However, the Bible also says
Quote:
Though I speak with the tongues of men and of angels, but have not love,
I have become as sounding brass or a clanging cymbal
(I Corinthians XIII:1)

All loveless states and actions are as nothing, and Tolkien has extrapolated this in his portrayal of Beren and Lúthien, although he has almost certainly stepped beyond the bounds of official doctrine in so doing. What use is a ceremony when you're imprisoned by Sauron, or trying to sneak into Morgoth's fortress? It takes a lot more than a social convention to keep a relationship going under that sort of strain, and without Thingol's blessing the marriage could not be concluded anyway. In this both of the lovers are concerned, so they act as a married couple would and share the trial, which Beren would certainly have failed alone. As one saying goes, marriage isn't all about gazing into each others' eyes, but looking confidently in the same direction.

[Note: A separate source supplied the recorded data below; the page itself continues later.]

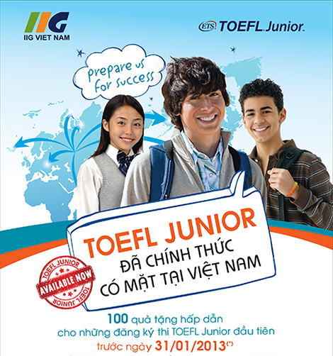 Bài thi TOEFL Junior đã chính thức được giới thiệu tại Việt Nam. Nhân sự kiện quan trọng này, Công ty IIG Việt Nam sẽ dành tặng 100 phần quà hấp dẫn dành cho các thí sinh THCS trên toàn quốc khi đăng ký thi TOEFL Junior trước ngày 31/1/2013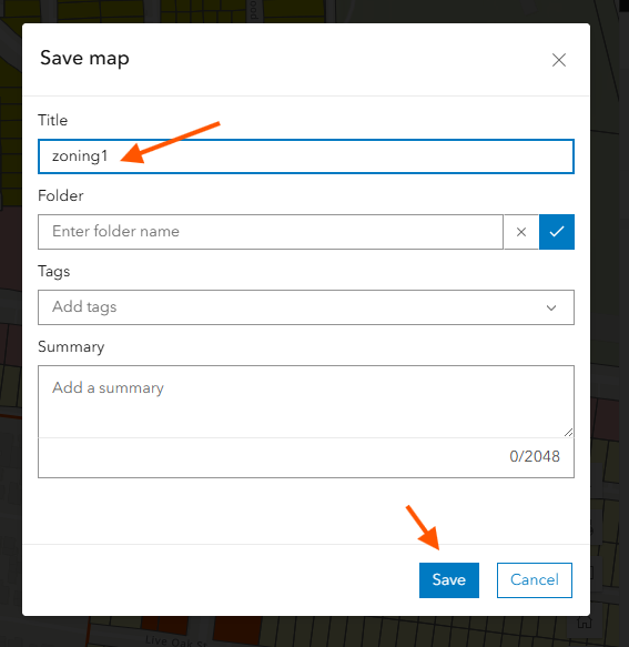 give a name, to save this web map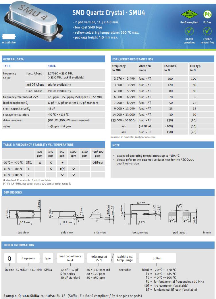 Q 20.0-SMU4-30-30/50-T2-FU-LF-Jauch品牌-6G低成本晶振,Jauch晶振,SMU4進口晶振,無源晶振,Q 20.0-SMU4-30-30/50-T2-FU-LF晶振,貼片晶振,石英晶體,頻率20MHz,負載30pF,工作溫度-40~105°C,頻率穩定性50ppm,耐高溫晶振,高性能晶振,低成本晶振,小家電應用晶振,儲存卡晶振,音頻系統晶振,數字設備晶振.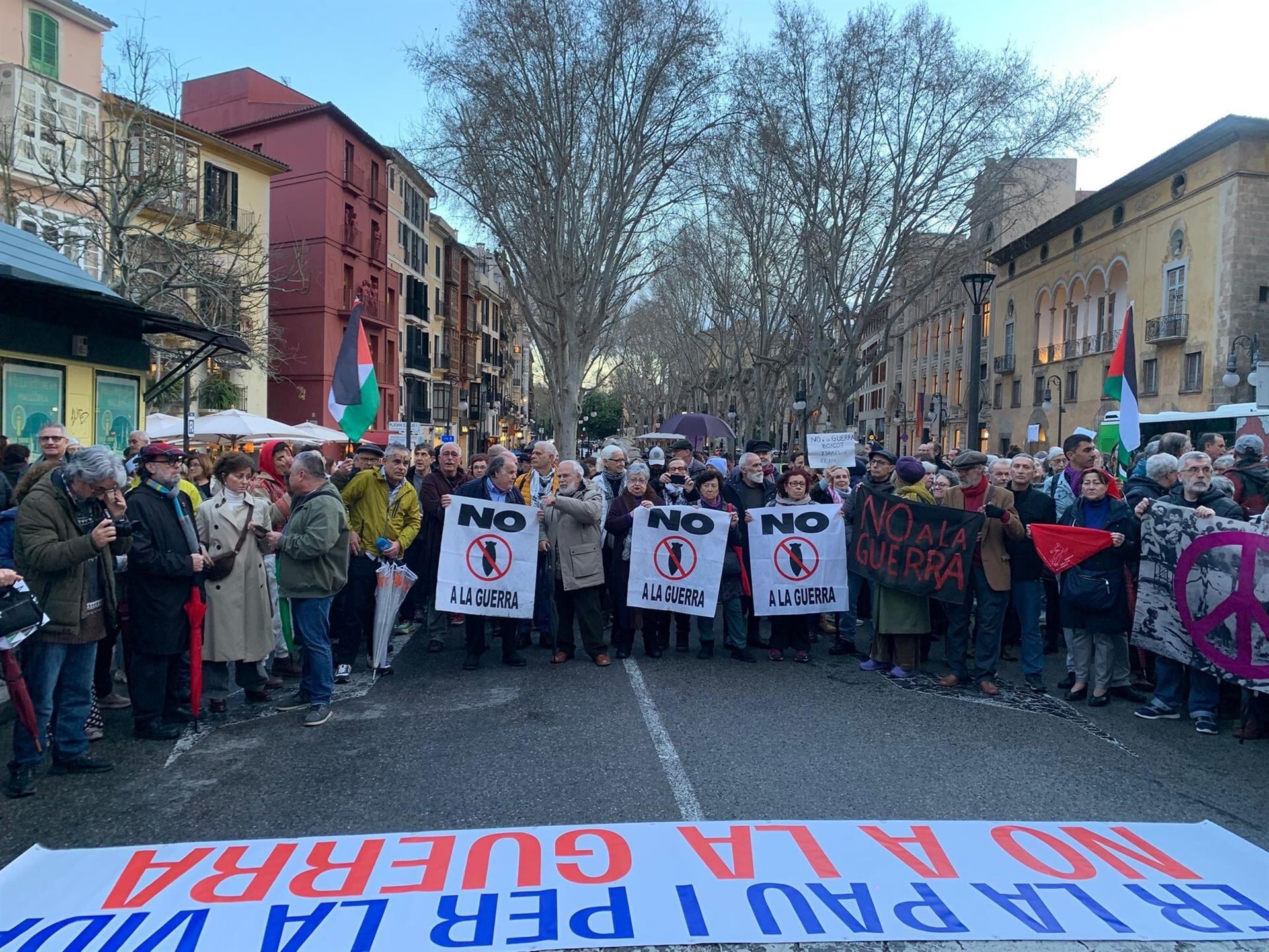 Bajo gritos de 'No a la guerra' y 'Ni OTAN ni bases', centenares de ciudadanos han reivindicado "la paz y la vida" en una protesta convocada por Mallorca per la Pau, Mallorca per Palestina y Marxes de Mallorca per Palestina.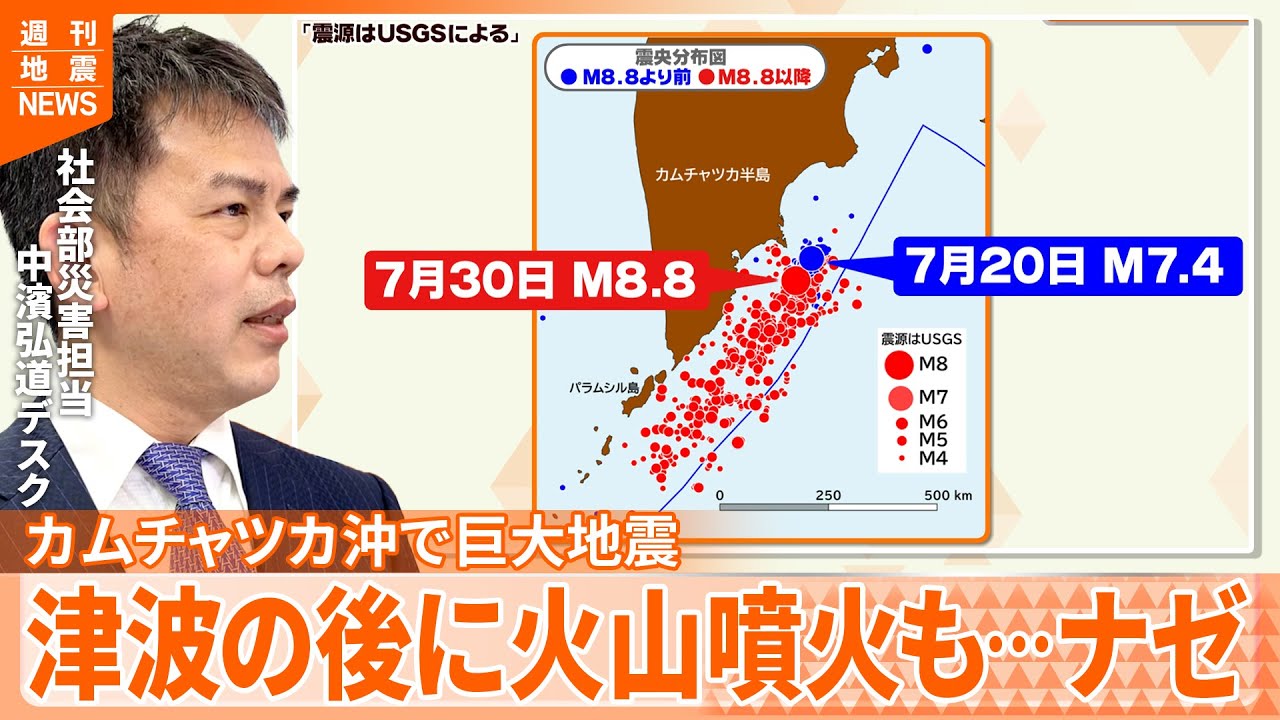 「【解説】カムチャツカ巨大地震で日本各地で津波到達 火山噴火は地震の影響か?『週刊地震ニュース』」という週刊地震ニュースのアーカイブ動画が、youtube(日テレNEWS)にて公開されています。

This brings me to my idea of what Tolkien probably did find morally objectionable, and the spirit that probably lies behind the traditional morals of wedlock: there is no joy or happiness to be had in loveless and mechanical fornication, which is the only form of intercourse, especially in the form of adultery, which is specifically banned in the Commandments. My objection (it would be beyond my ambit to presume what Tolkien's was, although I like to think that it was quite similar) is that such activity reduces the union to nothing more than the gratification of a bodily impulse, no more redolent of joy or love than the scratching of a troublesome itch. At several points in his works Tolkien demonstrates that it is love, not marriage that is important, because when life gets difficult and everything seems against you what will not keep you going is a piece of paper with some signatures on it and the Church's approval. Later, in Aldarion and Erendis, and later still in The Shibboleth of Fëanor, Tolkien described marriages in collapse (in the former because of a husband's inability to choose either his wife or the sea, in the latter because of a wife's unwillingness to return from the halls of Mandos to her husband and son), and it is clear from these accounts that he understood what sacrifices had to be made to maintain a successful union. Love is the only impetus that will force someone to make those sacrifices. What tragedies befell because of the bitterness that this inspired in the children of those unions? How would Fëanor have behaved in the presence of his mother's moderating influence? And people think that Tolkien didn't write about real relationships. "What fools these mortals be"

[ February 14, 2003: Message edited by: Squatter of Amon Rudh ]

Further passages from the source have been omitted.